Abstract

Accurate and automatic colon segmentation from CT images is a crucial step of many clinical applications in CT colonography, including computer-aided detection (CAD) of colon polyps, 3-D virtual flythrough of the colon, and prone/supine registration. However, the existence of adjacent air-filled organs such as the lung, stomach, and small intestine, and the collapse of the colon due to poor insufflation, render accurate segmentation of the colon a difficult problem. Extra-colonic components can be categorized into two types based on their 3-D connection to the colon: detached and attached extracolonic components (DEC and AEC, respectively). In this paper, we propose graph inference methods to remove extracolonic components to achieve a high quality segmentation. We first decompose each 3-D air-filled object into a set of 3-D regions.
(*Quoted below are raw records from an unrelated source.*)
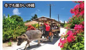
冬でも暖かい沖縄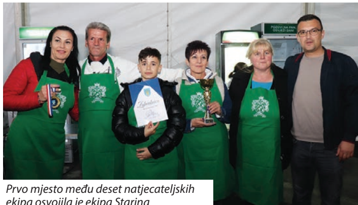
Prvo mjesto među deset natjecateljskih ekipa osvojila je ekipa Starina

Među inima nastupili su i folklorasi iz mađarskog dijela Podravine: Ženski pjevački zbor „Korjeni“ iz Martinaca, „Biseri Drave“ iz Starina i KUD „Podravina“ iz Barče koji je pratio sastav „Misija ViT“ iz Pečuha.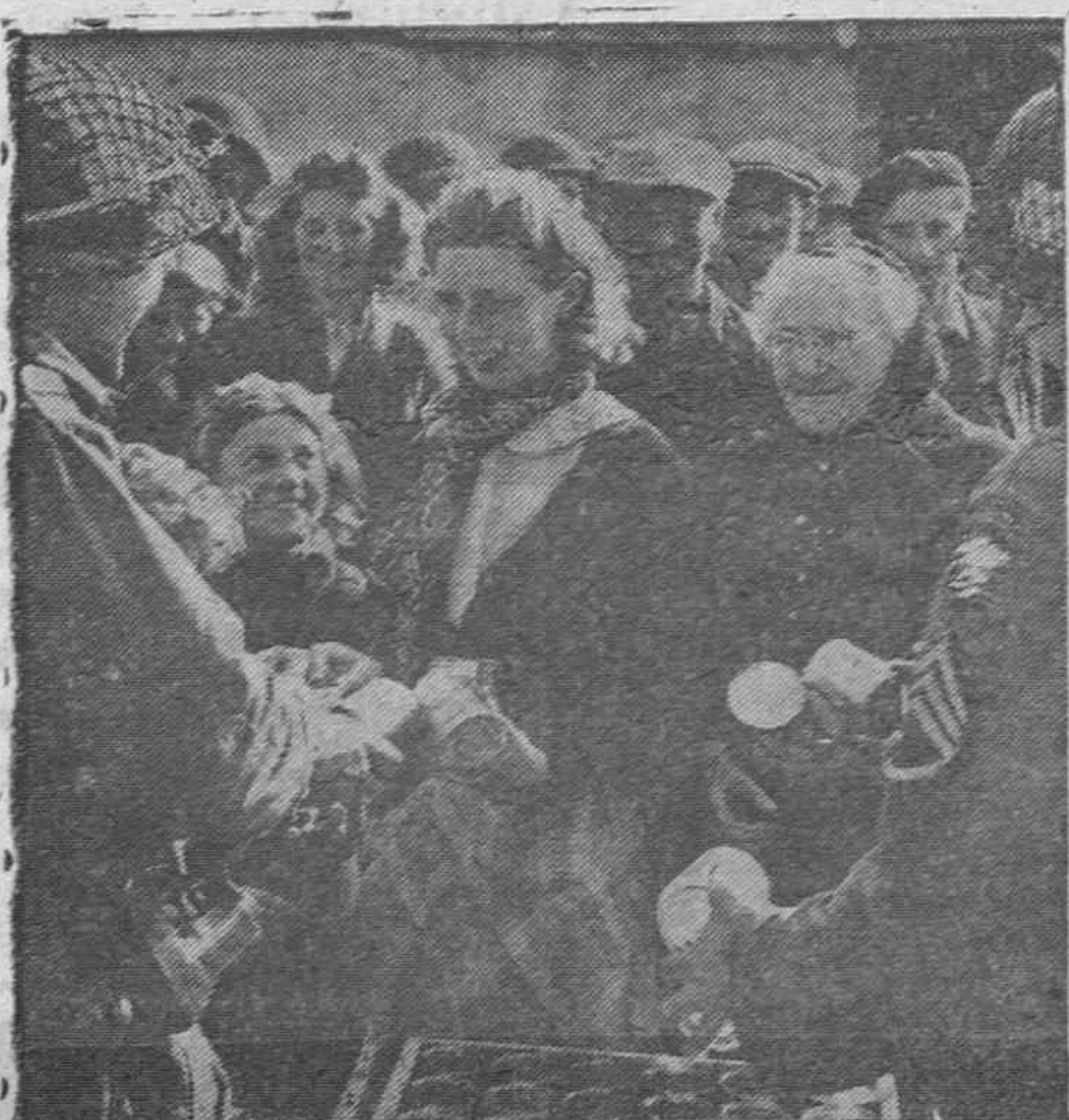
Los soldados aliados se ocupan del abastecimiento de las poblaciones de Europa más necesitadas y reparten los víveres mandados por la UNRRA.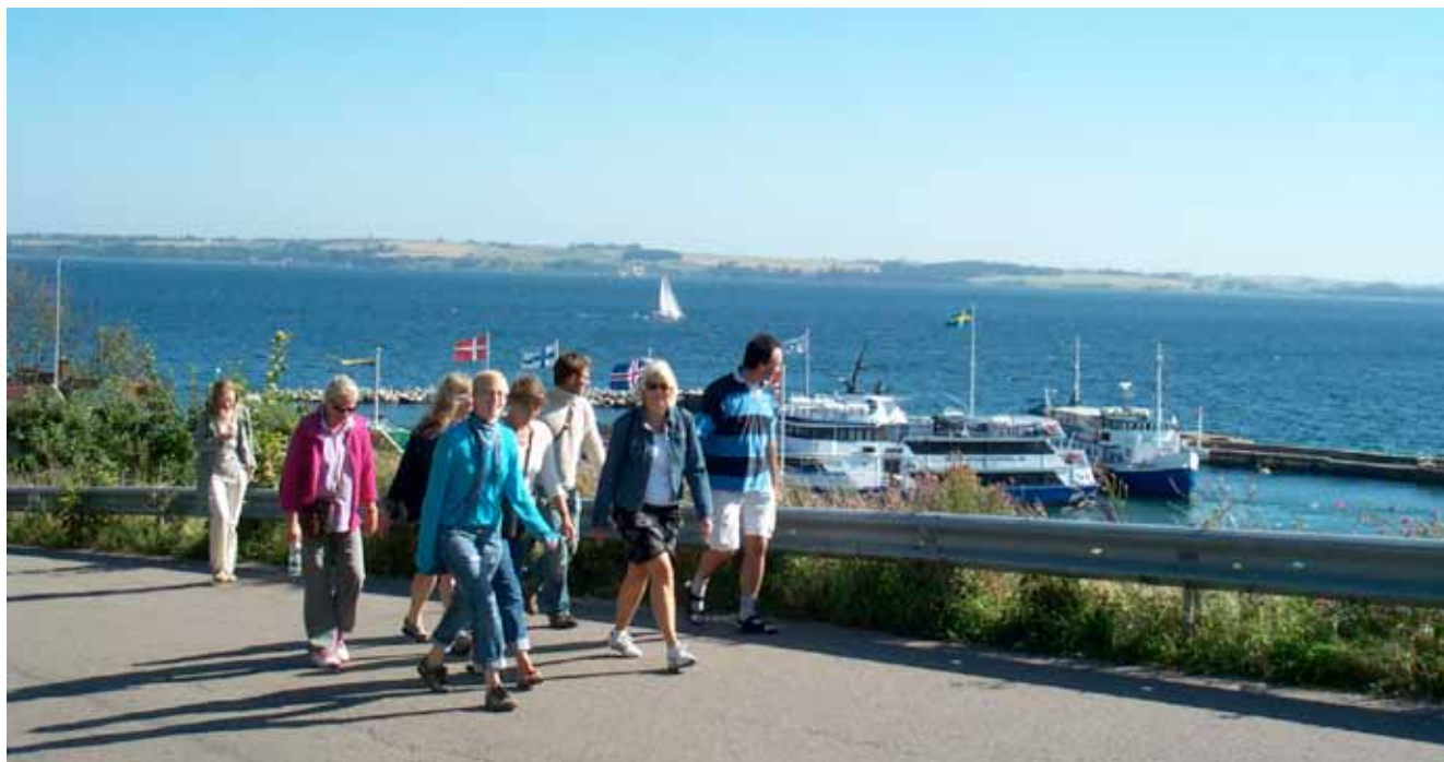
ÖKA-deltagare på väg till startseminarium på Ven.

ÖKAs syfte var att utveckla och genomföra en gränsöverskridande kompetensutveckling för kulturpedagoger och lärare i Öresundsregionen. Projektet bestod av två delar; en seminarierie och en webbplats, och undersökte hur man kunde använda kulturinstitutionerna i undervisningen och hur man kunde samarbeta på tvärs. Med samarbete på tvärs har här menats samarbete och erfarenhetsutbyte inom varje yrkesgrupp tvärs över Öresund och mellan yrkesgrupperna (kulturpedagoger/lärare).

A classifier trained with region-level features can be used to identify the colon regions from noncolon regions. After removing obvious DEC, we remove the remaining DEC by modeling the global anatomic structure with an a priori topological constraint and solving a graph inference problem using semantic information provided by a multiclass classifier. Finally, we remove AEC by modeling regions within each 3-D object with a hierarchical conditional random field, solved by graph cut. Experimental results demonstrate that our method outperforms a purely discriminative learning method in detecting true colon regions, while decreasing extra-colonic components in challenging clinical data that includes collapsed cases.